Some years, they speak of “the final eradication in America of the age-old evil of poverty,” and then other years, the Democratic Party shifts its focus to “those who work hard, pay their bills, play by the rules . . .

In 1972, the party promises “a guaranteed job for all,” offering to “make the government the employer of last resort.” But 20 years later, the Democrats pivot and nearly apologize for themselves, appealing to “Americans who may have thought the Democratic Party had forgotten its way” by saying that it now “rejects the big government theory that says we can . . . tax and spend our way to prosperity.”

If Republicans from 1960 to today moved in fairly linear fashion to ever-more conservative stances on the economy, taxes and a slew of social issues, the Democratic evolution over the same period was a more jagged series of experiments with activist and statist approaches, interspersed with more traditional paeans to family, faith and individual initiative.

The Democrats’ 2012 platform, released this week at their convention in Charlotte, presents voters with a laundry list of positions designed to portray the governing party as the one committed to the middle class. The overarching idea is that “we’re all in it together,” and the document repeatedly says the party’s opponents are devoted to solving problems “from the top down,” focusing on the wealthy.
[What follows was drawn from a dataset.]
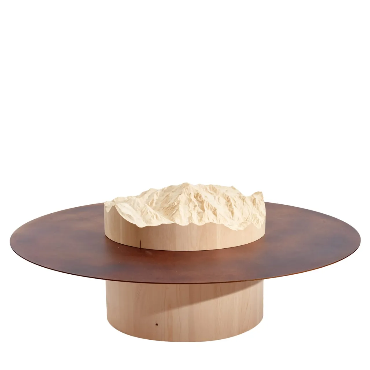 Da una cortina di nuvole spuntano i profili delle montagne dalle cime metalliche. Con picchi e cime di diverse altezze, il tavolino disegna paesaggi domestici che raccontano la storia di ogni montagna. Tip è un tavolino unico, composto da un disco di metallo e da una montagna intagliata su legno massiccio, fedele alla topografia reale. Il soggetto della montagna, la scala topografica e le dimensioni del tavolino possono essere personalizzati su richiesta (chiedere al servizio di Concierge per maggiori dettagli).

This year’s plank breaks little new ground, although for the first time, its support for legalizing same-sex marriage is definitive and clear, and it commits to combating anti-gay activity around the world.

But just as the GOP avoids the word “conservative” in its platforms, the Democrats never go near “liberal” or even “progressive.”
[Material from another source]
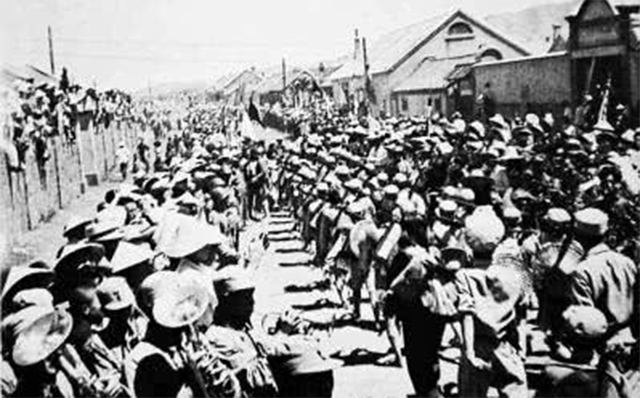 日本宣布无条件投降后,无论是东江纵队的全体官兵,还是当地的老百姓,都欣喜若狂,他们高唱着军歌,载歌载舞,尽情的庆祝着抗战的胜利。

Since 1992, when the first Bill Clinton-era platform broke sharply with two decades of Democratic promises to use government to redistribute wealth, direct social change, and empower minorities and women, the party has sharply altered its rhetoric. Democrats have adopted words and phrases such as “opportunity,” “choice” and “smaller government” that their opponents began using during the Ronald Reagan years to win support from middle-class voters. The words “faith” and “God,” which appear only in passing or not at all in platforms from the 1960s through the ’80s, can be found 18 times in the 2004 document, as in “We honor the central place of faith in the lives of our people.”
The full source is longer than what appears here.